One of the more hurtful experiences in my ministry was when a United Methodist pastor, a predecessor at the churches I serve, did a funeral for a member of my church. The act itself was not very hurtful, but the pastor’s response to me calling out the inappropriateness of it was. I wrote a letter explaining why I thought it was wrong and how it violated the Book of Discipline.
A week later I received a phone call. The pastor told me that families should be allowed to ask whoever they want to preside over weddings and funerals. What the pastor did was not in anyway undermining my ministry. From the pastor’s perspective, the only issue was not calling me first.
We had very different perspectives on the situation. It was clear from our phone call that both of us had trouble appreciating the other person’s perspective. When it was clear that we were coming at it from very different perspectives and we were not going to find common ground, we just ended the call. I am not sure if the other pastor left the conversation hurt, but I know I did.
Perspective is one of hardest issues we deal with as Christians. We all can look at situations very differently. Look no further than the 2016 US Presidential election. I was eating with some fellow Christians and one raised a concern about the election. He said that one of the candidates was a pathological liar, and he would let us fill in the blank of who that candidate is. It became clear that I filled in the blank wrong in my mind as he kept talking. Different people see totally different things in the candidates. Where one person sees a candidate who could help the country, someone else sees a candidate that could potentially ruin the country.
Our differing perspectives make being a church difficult. It is very hard to have conversations about controversial issues when the parties involved have very different perspectives on the issue. People can be faithful disciples of Jesus, earnestly seeking God’s will, and come to different conclusions on issues.

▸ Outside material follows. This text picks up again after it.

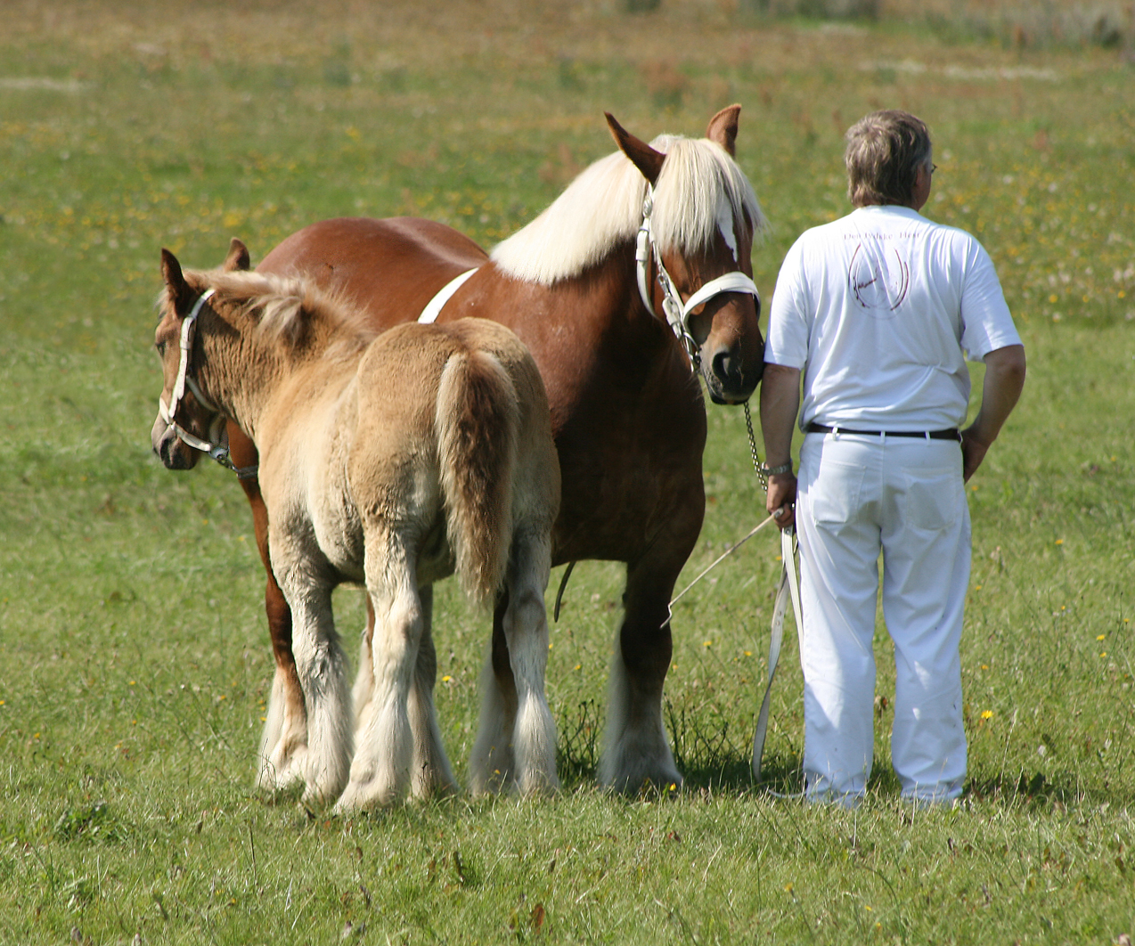 Jutlandic mare with foal at the historical agricultural show at Gl. Estrup, Djursland, Denmark

I would argue that at the moment, the United Methodist church lacks enough perspective to make any definitive decisions about the future of the church. As people prepare for schism, argue over who started the schism, and are really nasty to each other on social media, it would be helpful for us to put things in proper perspective.
Ideally, we want God’s perspective. When we cannot agree on God’s perspective over a particular issue, then it might be helpful to look at what the Bible says to do when we cannot agree on issues related to our faith. Time and time again it says love. We are to be known by our love according to Jesus. Paul tells a fractious church in Corinth to act in love.
Nowhere does it say fight with each other in a death match. Unity, not schism, is held up as the ideal. If we cannot act in love towards each other than how can we love those God calls us to love? If we cannot ascribe the best motivations to our fellow United Methodists that we disagree with, and see their attempts at faithfulness, then what is the point of being a follower of Jesus?
We are called to love each other. Love is not an emotion, but how we treat each other. Instead of seeing our struggles as a crisis that needs to be dealt in hurtful ways, we could see it as an opportunity to put our faith into action. If we can learn to love each other in the midst of differing and important perspectives, then perhaps we can offer a fractious world a witness to something different.
The problems we have over differing perspectives on wedge issues are not the real problems. Our real problem is that our perspective is focused on the wrong things. We should be focused on how we can act in love with each other in the midst of disagreement as a witness to what Jesus told us to do. Instead our focus seems to be on something less than love.
Having differing perspectives is hurtful. No matter what we do going forward, people will be hurt. The issue though is how do we respond to the hurt and pain. What will our perspective be in the midst of it? Winning? Self-righteousness? Power? God’s radical call to love?